EXERCISE DESCRIPTION:
In your reply, print every line of the listing exactly and omit all images.

INFORMATION SHOWN:
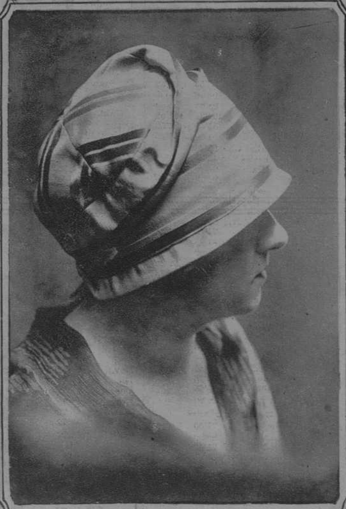
Elegante modelo de sombrero confeccionado en la acreditada casa Maison Germaine Puertaferrija 6.
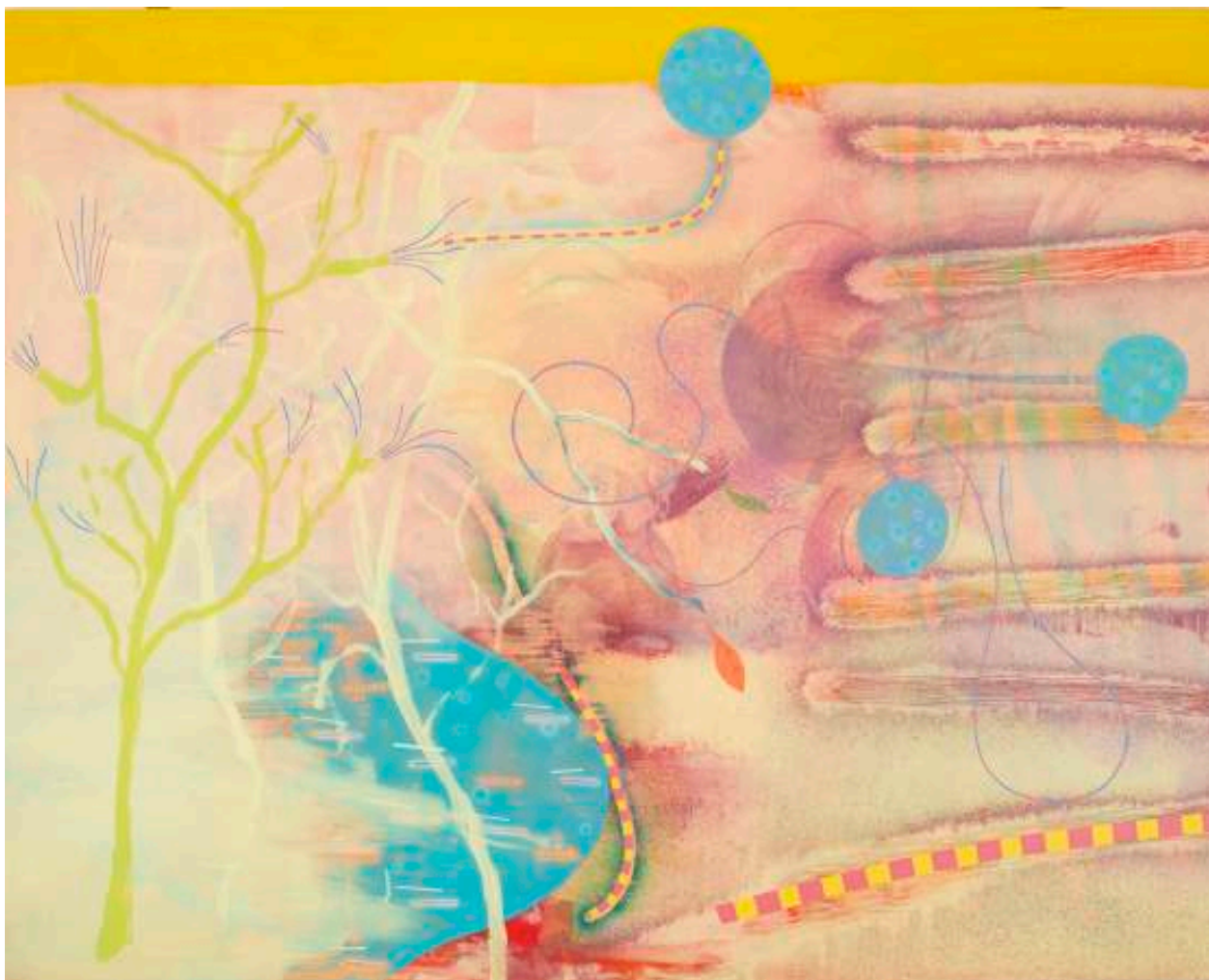
Christophe Robe, Sans titre, 2019, acrylique sur toile, 200 x 250 cm
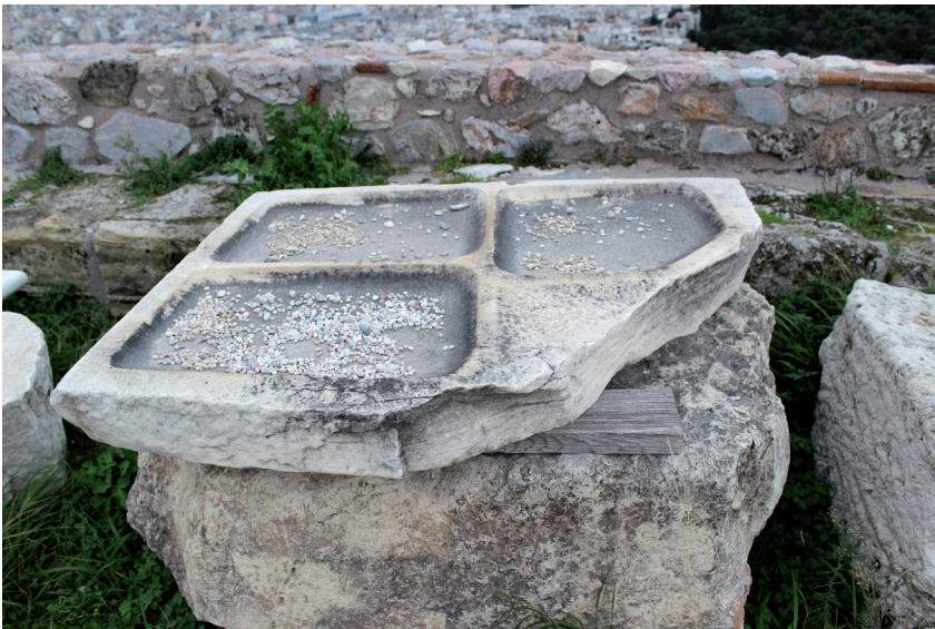
Réceptacle , Athènes, 2018.

Extrait de Florence Meyssonier, « Fanny Maugey », in Cahier du 19 , octobre 2020.

COMPLETED TASK:
Elegante modelo de sombrero confeccionado en la acreditada casa Maison Germaine Puertaferrija 6.
Christophe Robe, Sans titre, 2019, acrylique sur toile, 200 x 250 cm
Réceptacle , Athènes, 2018.

Extrait de Florence Meyssonier, « Fanny Maugey », in Cahier du 19 , octobre 2020.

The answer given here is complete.